Since the early 1990s, ecopsychologists have been a marginal but persistent voice in the field, warning that separating ourselves from the natural environment creates a wide range of mental disorders, including anxiety, depression, and addiction. Now as evidence mounts about the growing impact of climate change, recognition of the link between the environment and mental health issues is increasing within the field.
As evidence of this trend, the May/June 2011 issue of the American Psychological Association’s (APA) flagship journal, American Psychologist, includes recommendations from the APA’s Task Force on the Interface between Psychology and Global Climate Change. Psychologists, says the Task Force, have a responsibility to motivate individuals, communities, organizations, corporations, and governments to address climate change and “help humanity effectively mitigate and adapt to it.”
The Task Force’s call is a sobering acknowledgment that the question has shifted from whether we can stop climate change to whether we can eventually slow it down and learn to live with its serious consequences. A stark statement of that later position was Bill McKibben’s much-discussed recent book, Eaarth: Making a Life on a Tough New Planet, a look at what our lives will be like in the next half-century. He purposely changed the spelling of Earth to emphasize that, in the future, we’ll be living on a different planet. According to McKibben and many other environmentalists, the dire effects of climate change—species extinction, ocean acidification, droughts, severe storms, rising temperatures, and dwindling water supplies and arable land—are already evident. Even if the major countries took unprecedented steps tomorrow to reduce greenhouse gases, those already released would likely continue to cause a rise in the world’s average temperature for several decades—well above the 2-degree centigrade increase that marks the tipping point of runaway environmental change.
Climate change triggers and is partly fueled by psychological processes that therapists are presumably experts at addressing—denial, dissociation, apathy, and despair.
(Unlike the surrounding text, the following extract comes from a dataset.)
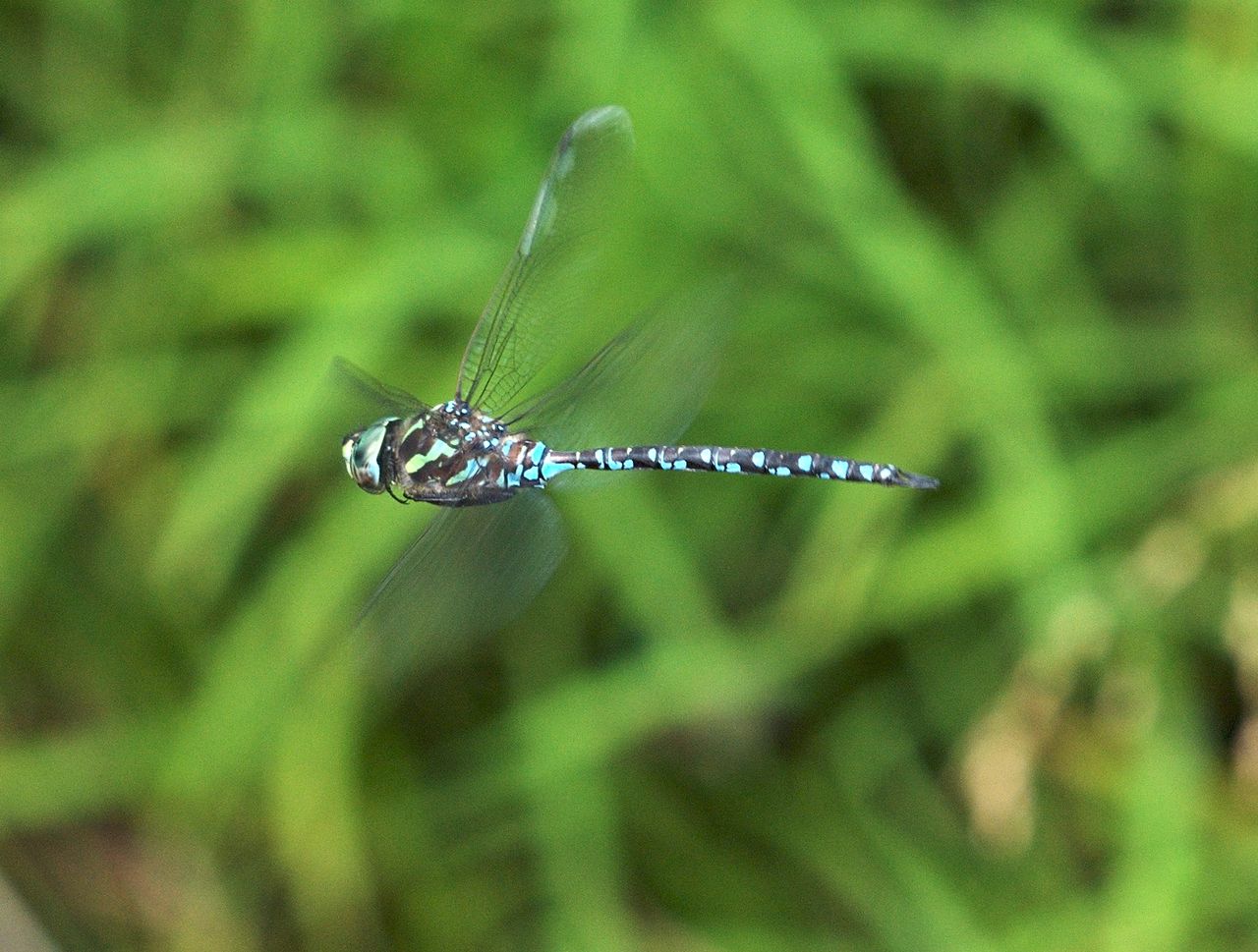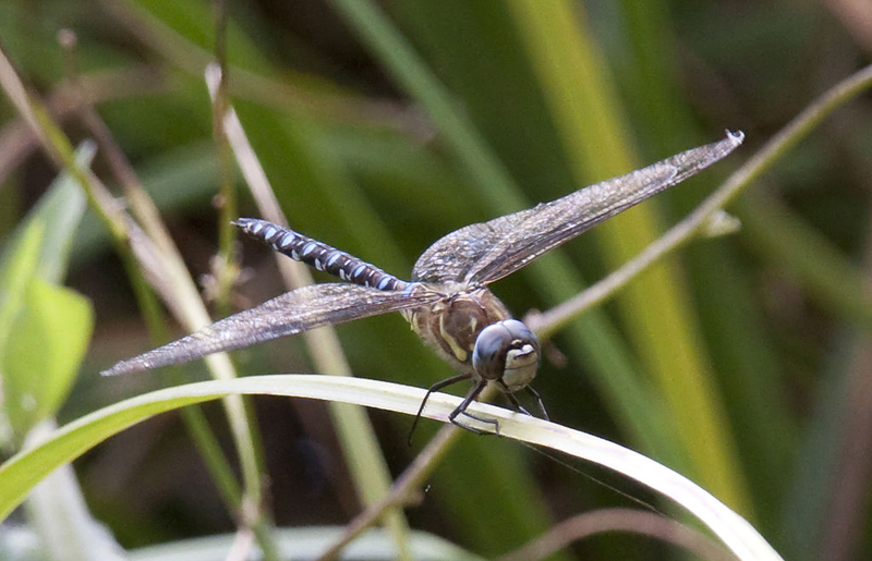 The variable darner is found near lakes and ponds with dense shoreline vegetation, marshy or boggy ponds, fens, and saline ponds, as well as slow-moving streams.
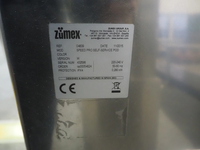 Zumex mobile juicer, model: SPEED PRO SELF-SERVICE, serial number: 432596, year of construction: 11-2015, 220/240 V, 50/60 Hz, 0.280 kW, dimensions: 700 mm x 680 mm x 1750 mm.

In her article, “The Myth of Apathy,” on Sustainable Life Media, psychosocial researcher Renee Lertzman, who consults with organizations and individuals about taking action on environmental issues and teaches courses on psychology and sustainability, says that what appears to be apathy is really a “‘tangle’ of confusion, emotions and desires.” This results in a gap between our values and behaviors.
While the overwhelming majority of people are in favor of saving the environment, she says, many of the habits of consumption they consider integral to their well-being and comfort contribute daily to climate change. A common technique that people use to solve dilemmas like this is to dissociate from them. Furthermore, she says, some people have a difficult time even contemplating the long-term consequences of a problem so vast and of such catastrophic consequence.
What, if anything, should psychotherapists do to deal with climate change? Justifiably, therapists are wary of injecting their own social agenda into therapy. A therapist whose depressed client says she feels so hopeless about climate change that she’s no longer doing well at work is likely to turn the focus toward the client’s cognitive processes and personal history, rather than focusing on the issue of climate change. But while that may be standard clinical procedure, has the time come to question whether the broader issue also needs consideration?
Only when we get in touch with our own fears, ecotherapists say, will we be able to help our clients explore what climate change means to them. But therapists first need to do their own work and make sure that their apathy, fear, confusion, and denial don’t deafen them, however subtly, to what their clients tell them. Discussing climate change, says British therapist Ro Randall, can open up exploration of “existential questions about the purpose of life, re-evaluations of basic beliefs about human nature . . . and assumptions about solutions.”
Psychologist Mary Pipher’s upcoming book, The Green Boat, calls upon therapists to acknowledge the new reality and take action. “Therapists are experts at navigating complex changes, problem solving, listening deeply, and purveying hope,” she says. Allowing—not forcing—discussion of climate change names the elephant in the living room, Pipher notes, and turning toward things we’re reluctant to face is a bedrock principle of therapy. Openly discussing fears won’t stop climate change, but it may allow for that human connection that opens the door to hope and action, which, Pipher says, is “often the antidote to despair.” Just as therapists know about making referrals to support groups and social services, in these days of climate change, she says, therapists ought to make themselves aware of, and explore with clients, opportunities for doing something to address the problem.
Pipher, who grew up in a rural county immersed in nature, has dealt with her own despair and grief about the environment by founding a local chapter of 350.org, a grassroots organization that mobilizes people around local environmental actions. Now she’s vowed to speak about climate change at every public opportunity. “I once had a gay client in a homophobic community,” she says, “who ended up killing himself,” and as a result, she vowed to talk about and try to normalize homosexuality whenever she could in her public and personal life. “We shouldn’t be running from our despair and anxiety about global climate change,” she says. “We should be exploring and processing it and, ultimately, turning it into something useful for us and the planet.”